At the sensor, light that comes through the mask appears as a point spread function, a pair of blurry blobs that seems useless but is actually key to acquiring details about objects below the diffraction limit that are too small for many microscopes to see. The blobs’ size, shape and distance from each other indicate how far the subject is from the focal plane. Software reinterprets the data into an image that can be refocused at will.
A tiger was a little beyond their budget, so the researchers started small, first capturing cellular structures in a lily of the valley, then calcium activity in tiny, jellyfishlike hydra. They moved on to monitoring a running rodent, attaching the Bio-FlatScope to a rodent’s skull and setting it down on a wheel. The data showed fluorescent-tagged neurons in a region of the animal’s brain, connecting activity in the motor cortex with motion and resolving blood vessels as small as 10 microns in diameter.

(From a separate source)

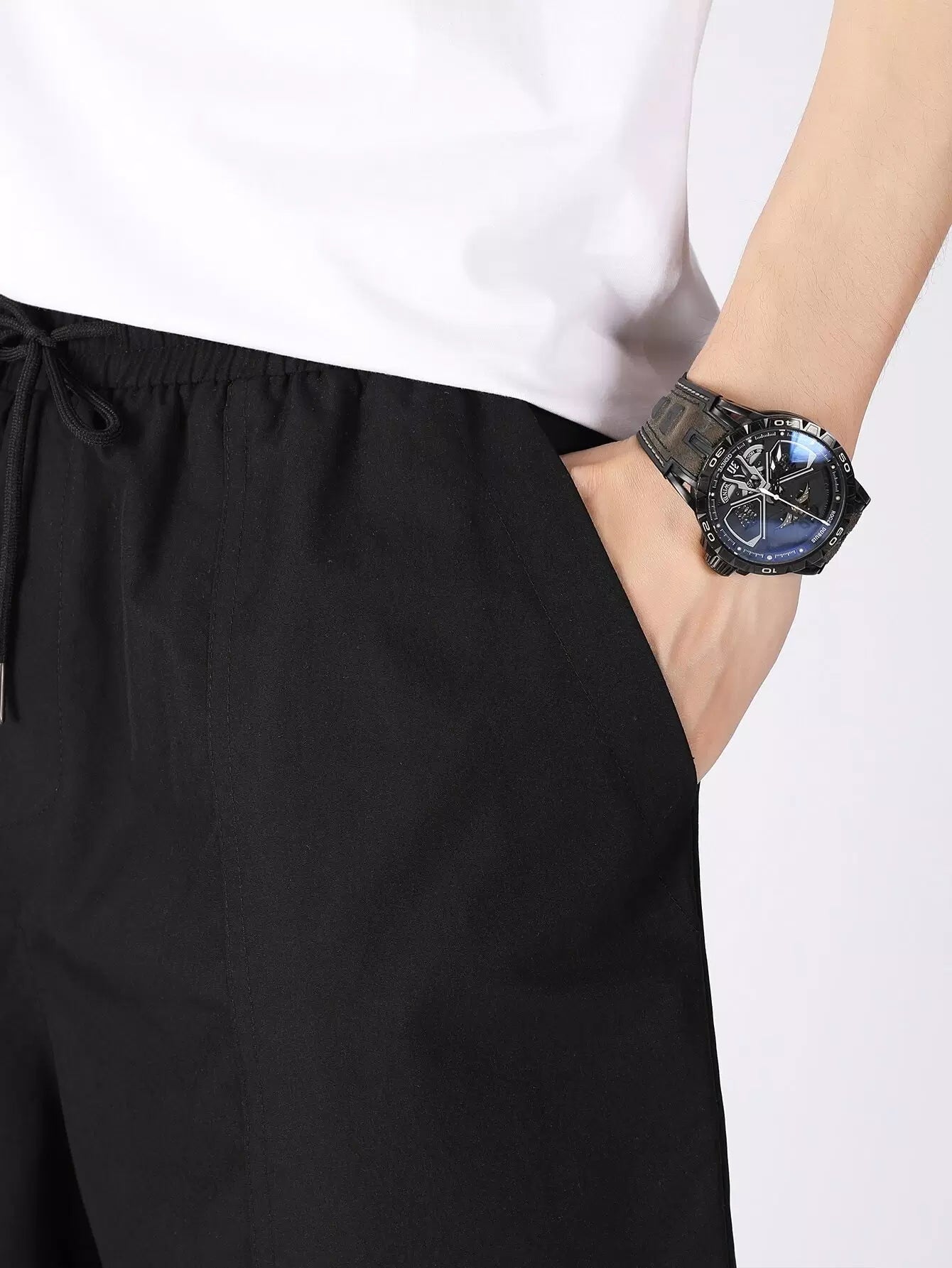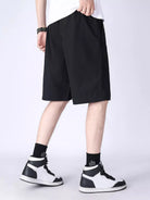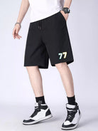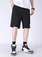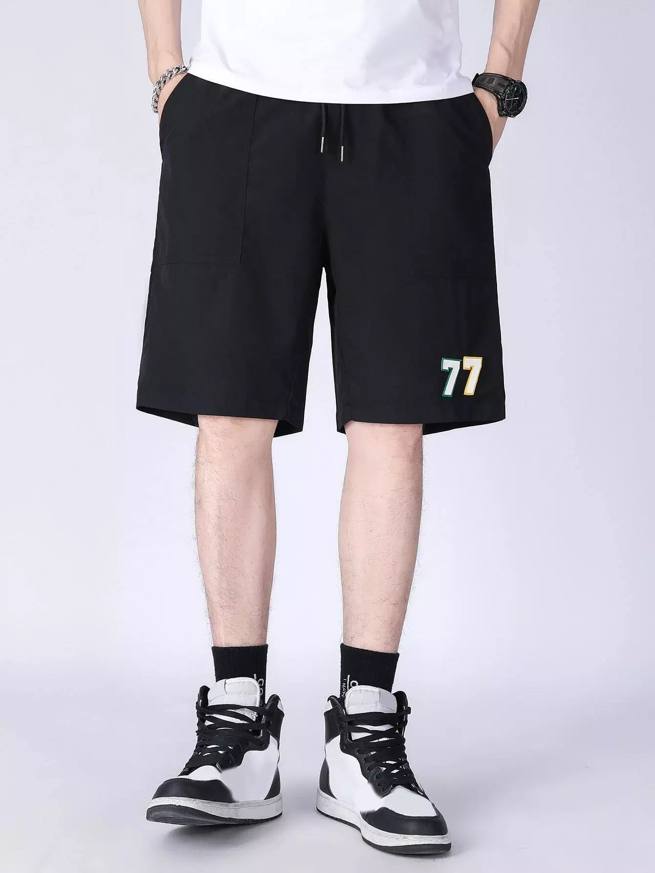 شورت رجالي بتفاصيل مرقعة ورباط على الخصر

In collaboration with Rebecca Richards-Kortum and research scientist Jennifer Carns from Rice Bioengineering, the team identified vascular imaging as a potential clinical application of the Bio-FlatScope. Graduate student and co-lead author Jimin Wu offered her lower lip to see if light passing through to the camera could deliver structural details of the blood vessels within.
“It was kind of an engineering challenge because it’s difficult to position the Bio-FlatScope at the correct position and keep it there,” Wu said. “But it showed us it could be a good tool for seeing signs of sepsis, because pre-sepsis changes the density of the vasculature. Cancer also alters the morphology of the microvasculature.”
“We can imagine it would be hard to stick a microscope in that position, but maybe a little clip you put on your lip would be able to look for things like sepsis or tumors in the oral mucosa,” Robinson said.
Long term, the team sees potential for a camera that could curve around its subject, like brain tissue, “so it could match the morphology of what you’re looking at,” Robinson said. “Or maybe you could fold it up, stick it in place and have it unfold and deploy.
“You could also do really interesting things by bending it for a fisheye effect, or you could curve it inward and have very high light-collection efficiency,” he said.
Co-lead authors of the study include Rice alumnus Jesse Adams and Applied Physics graduate student Dong Yan. Co-authors are Rice graduate students Sibo Gao and Soonyoung Kim; postdoctoral alumnus Alex Rodriguez; Caleb Kemere, an associate professor of electrical and computer engineering and of bioengineering; and Ashok Veeraraghavan, a professor of electrical and computer engineering.
Richards-Kortum is the Malcolm Gillis University Professor, a professor of bioengineering and electrical and computer engineering and director of the Rice360 Institute for Global Health Technology. Robinson is an associate professor of electrical and computer engineering and of bioengineering, and he, Kemere and Veeraraghavan are core members of the Rice Neuroengineering Initiative.
The Defense Advanced Research Projects Agency (N66001-17-C-4012), the National Institutes of Health (RF1NS110501) and the National Science Foundation (1730574) supported the research.